**What to work on**
Below are some records. Write out exactly their lines from the one with "本研究基于课题组15年的数据" through the one with "Ceramic coloured mug", and leave the pictures behind.

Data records
<<<<

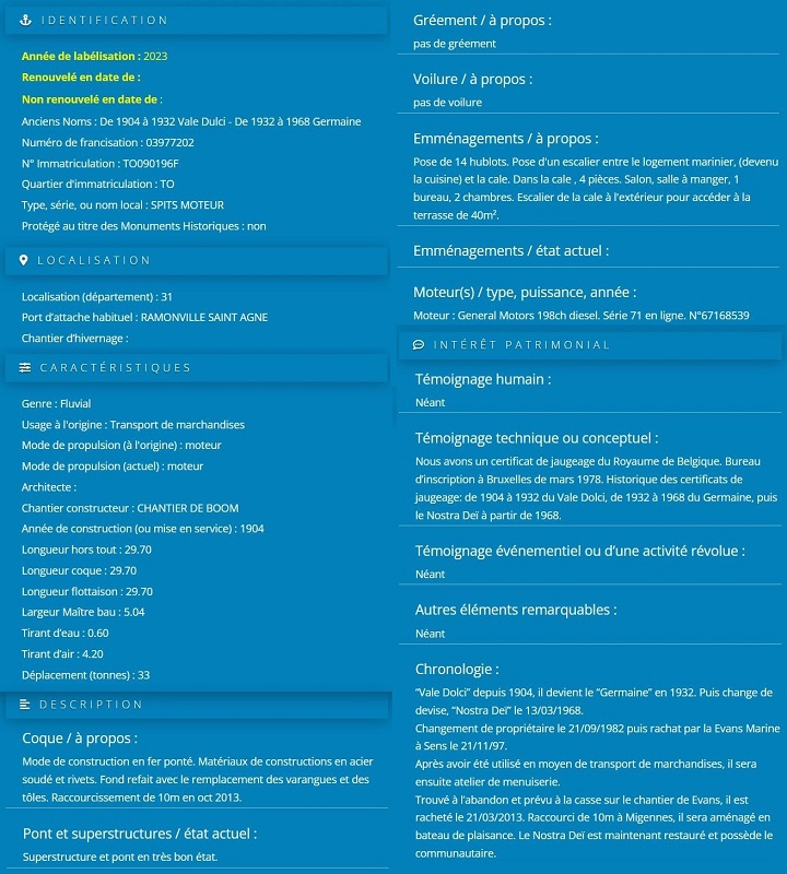 NOSTRA DEÏ - TO 090196 F - a été labellisé PATRIMOINE MARITIME ET FLUVIAL en 2023.
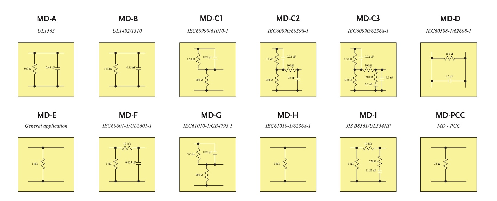 - 12 измерительных схем моделирования различных цепей сопротивления человеческого тела (включая IEC 60601-1:2020 версия 3.2)
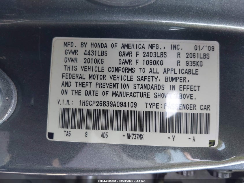 • 1HGCP26839A094109
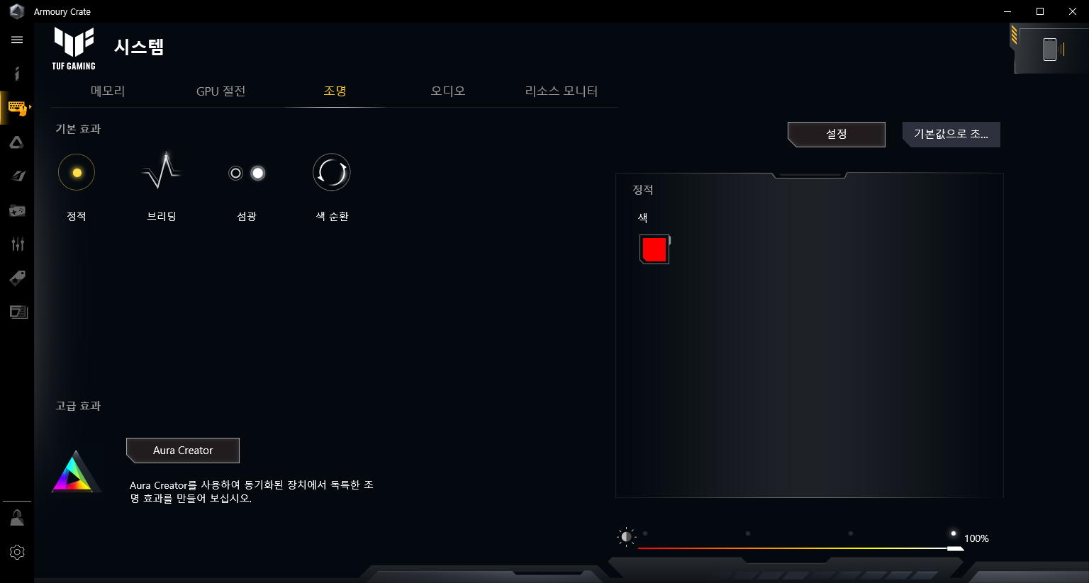 또한 게이밍 디바이스답게 RGB 백라이트가 적용되어 ASUS AURA RGB 제어 프로그램을 이용하여 RGB의 컬러 및 패턴 등을 다양하게 변화시킬 수 있어 나만의 색깔에 맞는 유저커스터마이징이 가능하다.
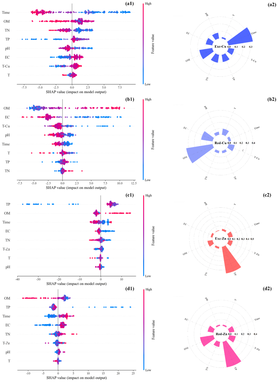本研究基于课题组15年的数据累积及外部数据的收集,共取得260组数据。以堆肥过程中常见的物质变化指标(堆肥时间、温度、pH、EC、OM、TP、TN和重金属总量)为输入因子,借助反向传播神经网络(BPNN)、梯度增强回归模型(GBR)、随机森林模型(RF),建立了堆肥过程中重金属形态快速预测模型,从而对重金属有效性进行评估。研究结果表明:BPNN、GBR和RF模型均能预测堆肥过程中Cu和Zn的形态分布(图1),其中RF的预测性能最好,R2值为0.93-0.97。同时,输入因子的特征性分析表明(图2),除堆肥时间外,OM和TP分别是预测Cu和Zn有效形态的最重要特征,降低OM或增加TP有助于提升堆肥中Cu和Zn的钝化能力。本研究识别了Cu和Zn生物有效形态之间转化的主要影响因子,为评估堆肥生产中重金属生物有效性评估及调控提供了一种快速的决策工具;同时拓展了人工智能方法在有机固废资源化领域的适用性,对于构建生态安全的种养结合、农牧循环新格局具有重要推动意义。
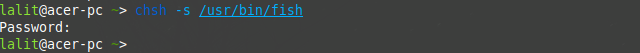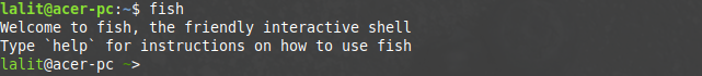 Now once the installation of the fish shell gets completed. Use the fish command in your terminal-
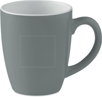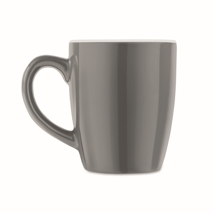 Ceramic coloured mug of 290 ml capacity. Presented in an individual corrugated carton gift box.
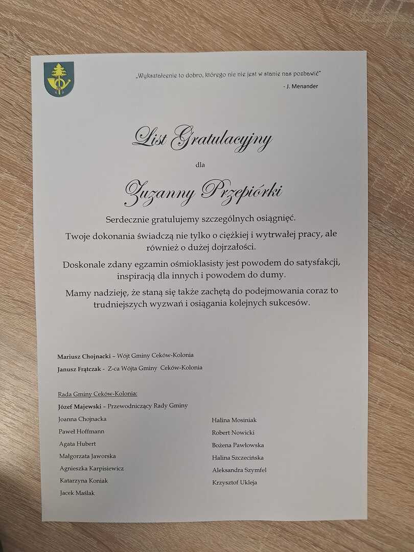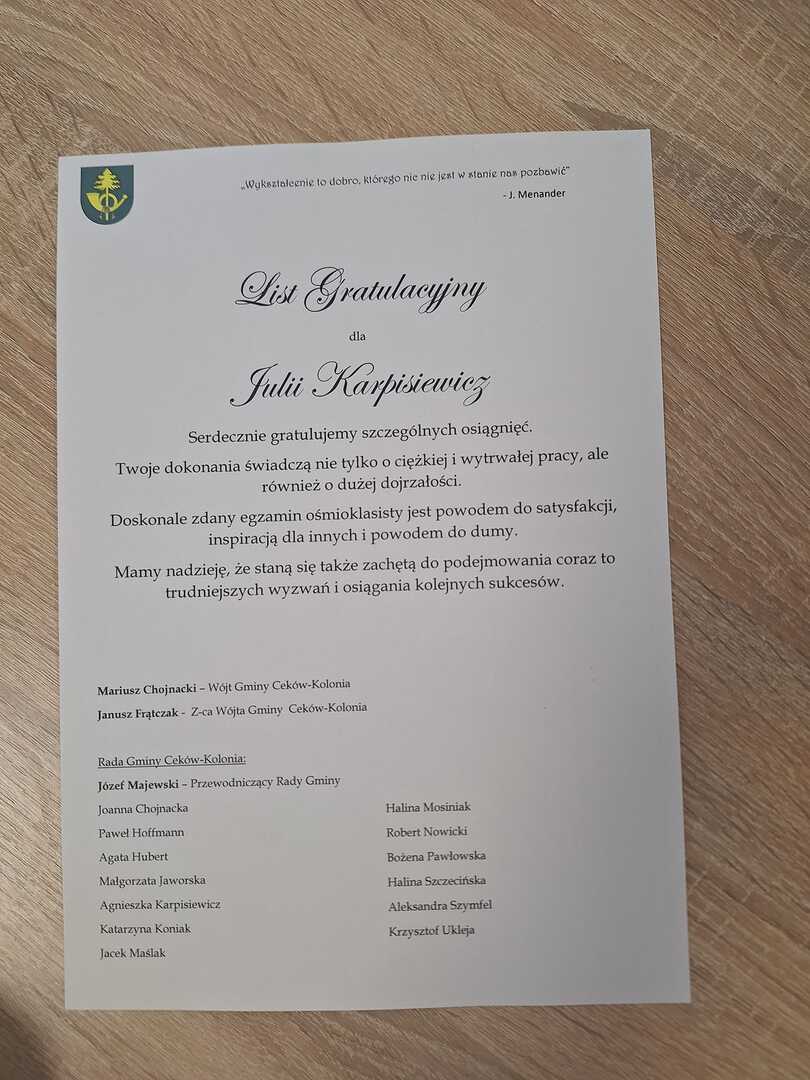 Absolwenci naszej szkoły Julia Karpisiewicz, Zuzanna Przepiórka i Wiktor Tereszkiewicz otrzymali dziś z rąk włodarzy naszej gminy nagrody ufundowane przez Radę Gminy Ceków- Kolonia za najwyższe wyniki z egzaminu ósmoklasistySerdecznie gratulujemy! Warto się uczyć !!!
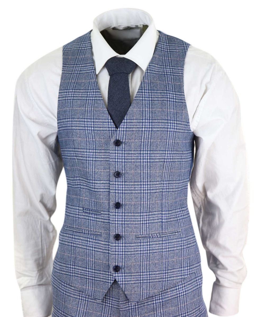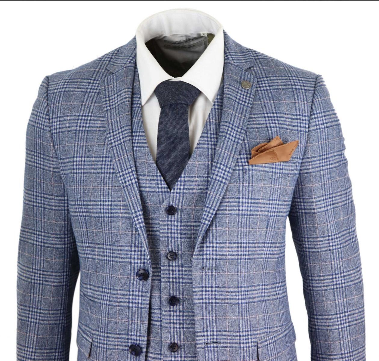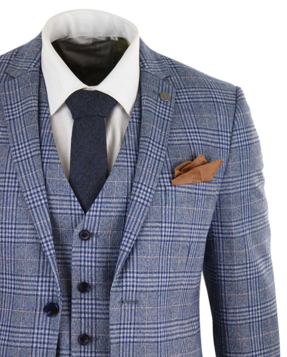 Mens 3 Piece Blue Grey Tweed Check Vintage Retro Suit
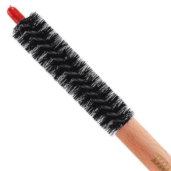 Brosse forme bouteille, poils nylon mélangés, avec manche rond en bois et pointe pour séparation.
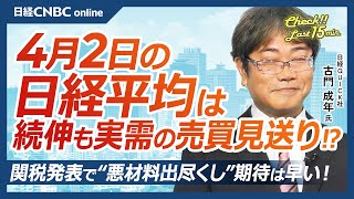 相互関税発表で悪材料出尽くしにはならない!自動車株や海運株注目│NQN 古門成年氏【4月2日(水)東京株式市場】日経平均株価は続伸、米国株も日本株も方向感なし/ファストリ急伸先物主導/百貨店株安値続出
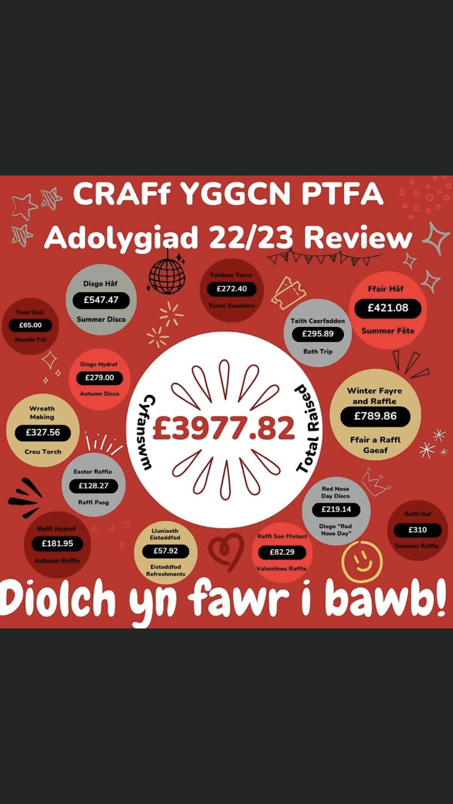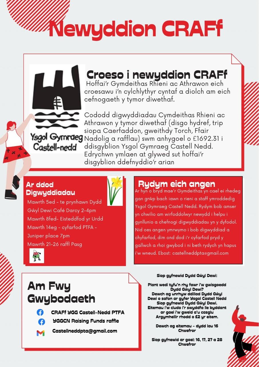 Mae pwyllgor y CRAFf yn cwrdd ar ail Ddydd Mawrth bob mis er mwyn trefnu digwyddiadau hwylus i'r plant ac i gymuned yr ysgol. Am fwy o fanylion cysylltwch gyda swyddfa'r ysgol.
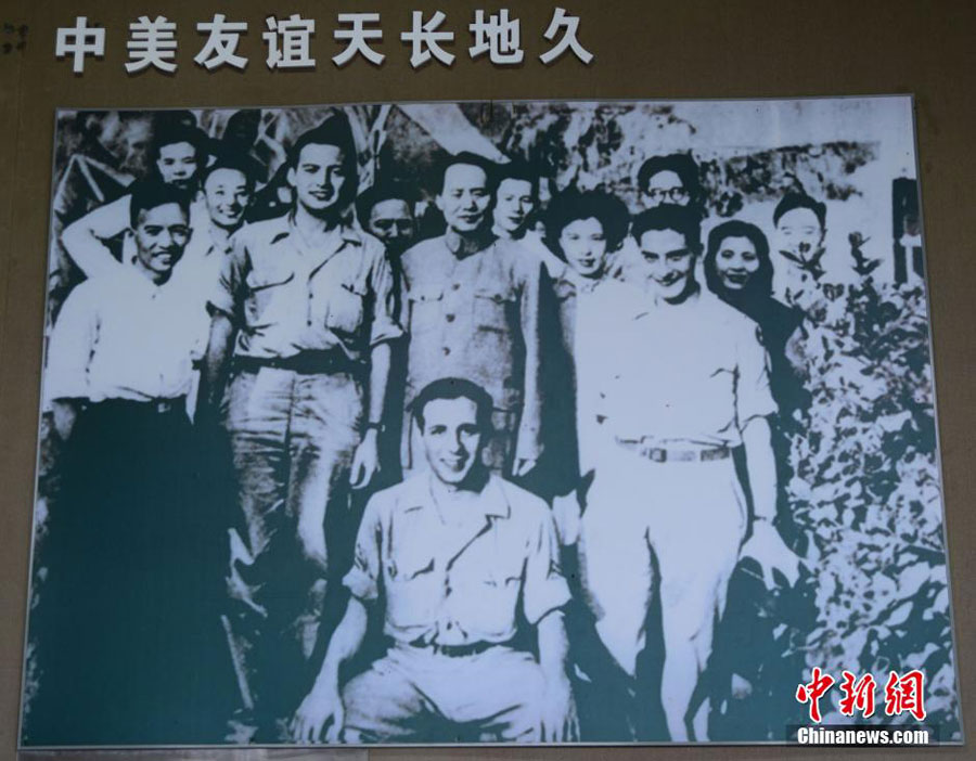 Documentary photograph of Mao Zedong and the pilots taken in Chongqing after the victory against Japanese aggression is exhibited in the Museum. The caption reads: Long live the Sino-American friendship. (Photo/Chinanews.com) |

>>>>

**Exercise result**
本研究基于课题组15年的数据累积及外部数据的收集,共取得260组数据。以堆肥过程中常见的物质变化指标(堆肥时间、温度、pH、EC、OM、TP、TN和重金属总量)为输入因子,借助反向传播神经网络(BPNN)、梯度增强回归模型(GBR)、随机森林模型(RF),建立了堆肥过程中重金属形态快速预测模型,从而对重金属有效性进行评估。研究结果表明:BPNN、GBR和RF模型均能预测堆肥过程中Cu和Zn的形态分布(图1),其中RF的预测性能最好,R2值为0.93-0.97。同时,输入因子的特征性分析表明(图2),除堆肥时间外,OM和TP分别是预测Cu和Zn有效形态的最重要特征,降低OM或增加TP有助于提升堆肥中Cu和Zn的钝化能力。本研究识别了Cu和Zn生物有效形态之间转化的主要影响因子,为评估堆肥生产中重金属生物有效性评估及调控提供了一种快速的决策工具;同时拓展了人工智能方法在有机固废资源化领域的适用性,对于构建生态安全的种养结合、农牧循环新格局具有重要推动意义。
 Now once the installation of the fish shell gets completed. Use the fish command in your terminal-
 Ceramic coloured mug of 290 ml capacity. Presented in an individual corrugated carton gift box.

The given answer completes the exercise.